1. METAPSYCHOLOGY (Rakover, 1990, 1993) introduces many aspects of philosophy of science and epistemology to psychologists and relates such issues to venerable areas of psychological research. Since the book was published, there has been a veritable explosion of philosophical, psychological, physiological, neural modeling, and even physical scientific musing and research on the mind-body problem, though most of it limited to consciousness (see Horgan, 1994). The problems addressed are serious and there is certainly no consensus today. Rakover provides a framework combining the philosophy of science, philosophical and methodological issues in psychology, and his own attempt to bring together "missing links in behavior, mind and science." My comments will be limited to some thoughts on two complex topics: the claim that the natural sciences cannot deal with the mind-body problem and the possibility of gaining understanding of private experience in humans and non-humans.
2. Although Rakover may often seem to be concerned with consciousness, his broader emphasis on private events and private experience is salutary. Independently, and from an ethological perspective, I have recently advocated (Burghardt, 1993; in press) that "private experience" be a new "fifth aim" for ethology that adds to the field's concerns with control (causation), function (adaptiveness), evolution, and ontogeny as articulated by Tinbergen (1963) in his much cited paper. I agree with Rakover that cognition does not adequately incorporate these important issues (Burghardt, 1991); in fact, most cognitive psychology has been loath to deal with the issue of "life as experienced". As Tinbergen pointed out when formalizing the four aims, to adequately understand a behavior we need to ask questions about all the aims. Thus, to adequately understand the physiology of a behavior one also needs to consider evolution and ontogeny, for example.

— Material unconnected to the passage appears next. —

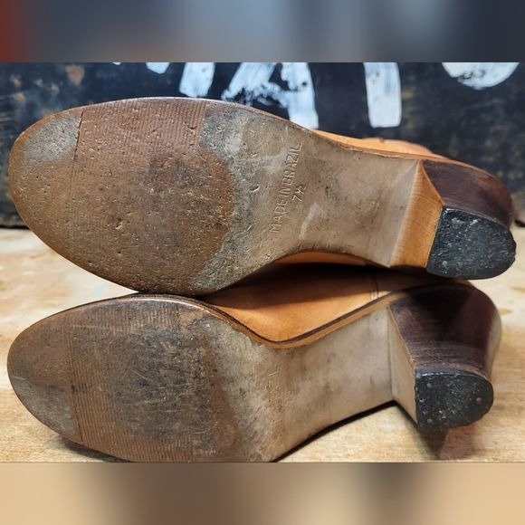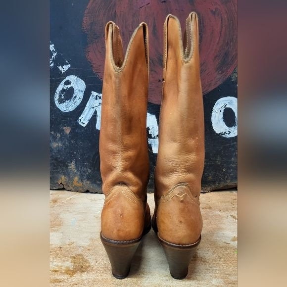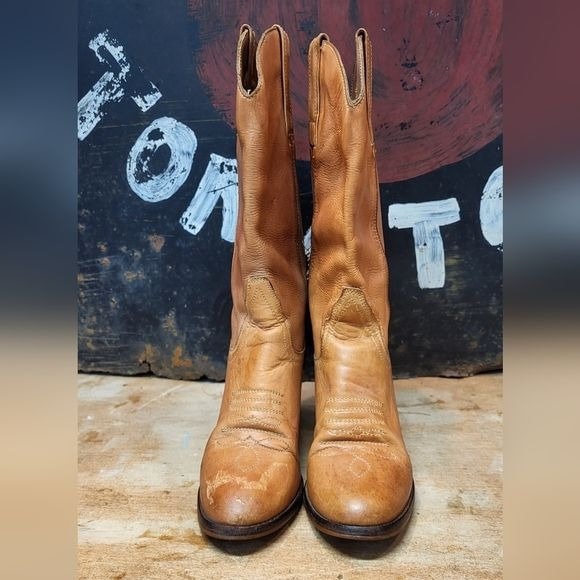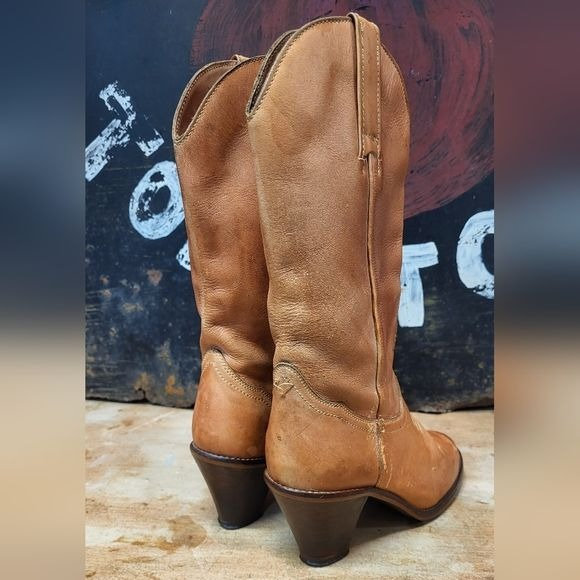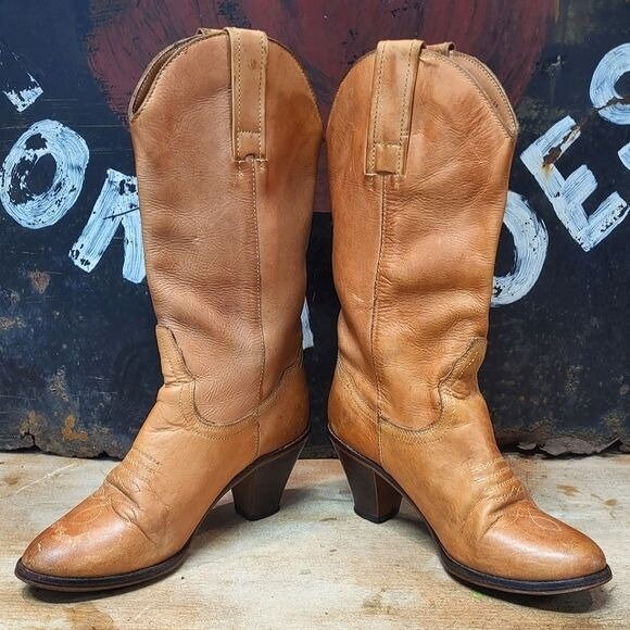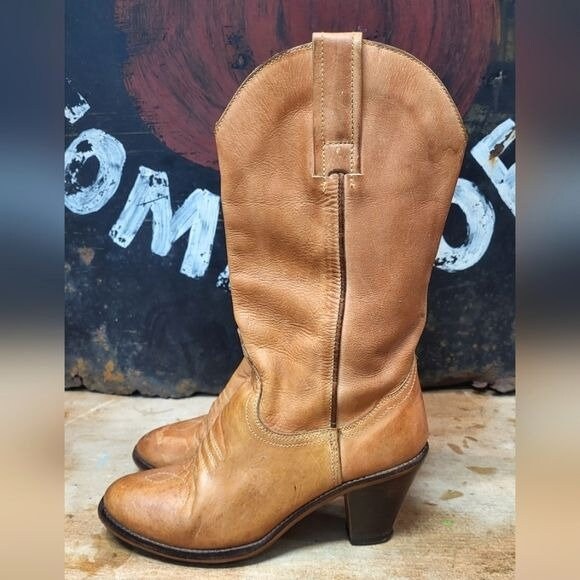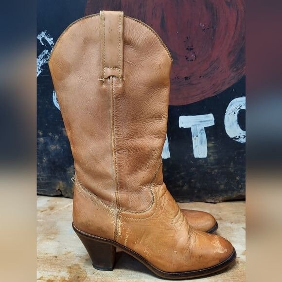 Cute vintage 60s/70s woman's tan leather western boots. Very nicely made 2.75" stacked heel boots. Has that classic simple western boot in a nice medium tan brown. Soft leather with some distress. Has some marks on toe as pictured. Some other scuffs and dings that add some character to these vintage boots. Soles have some wear but plenty of life in them. Well made and nice quality. No brand found, markings worn off inside sole. Made in Brazil Size 7.5 Height 13.5" Heel height 2.75" Width 3.25" Heel to toe 8¾" Around calf top 13.5"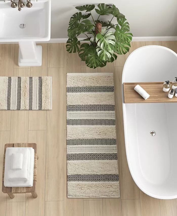 Коврик для ванной с текстурой ручной работы в стиле бохо, выполненный в глобальном стиле, мягкого цветового оттенка

Similarly, I argue that to adequately understand courtship, foraging, or problem solving, one also needs to consider an organism's internal stimuli and phenomenological or subjective responses. While Rakover classifies private experience as a subset of private behaviors that are presumably conscious, my use of private experience is broader. The primary issue, however, is whether natural science can address these issues. I think natural science can, Rakover does not, and that is the core disagreement I have amongst the many points with which I agree.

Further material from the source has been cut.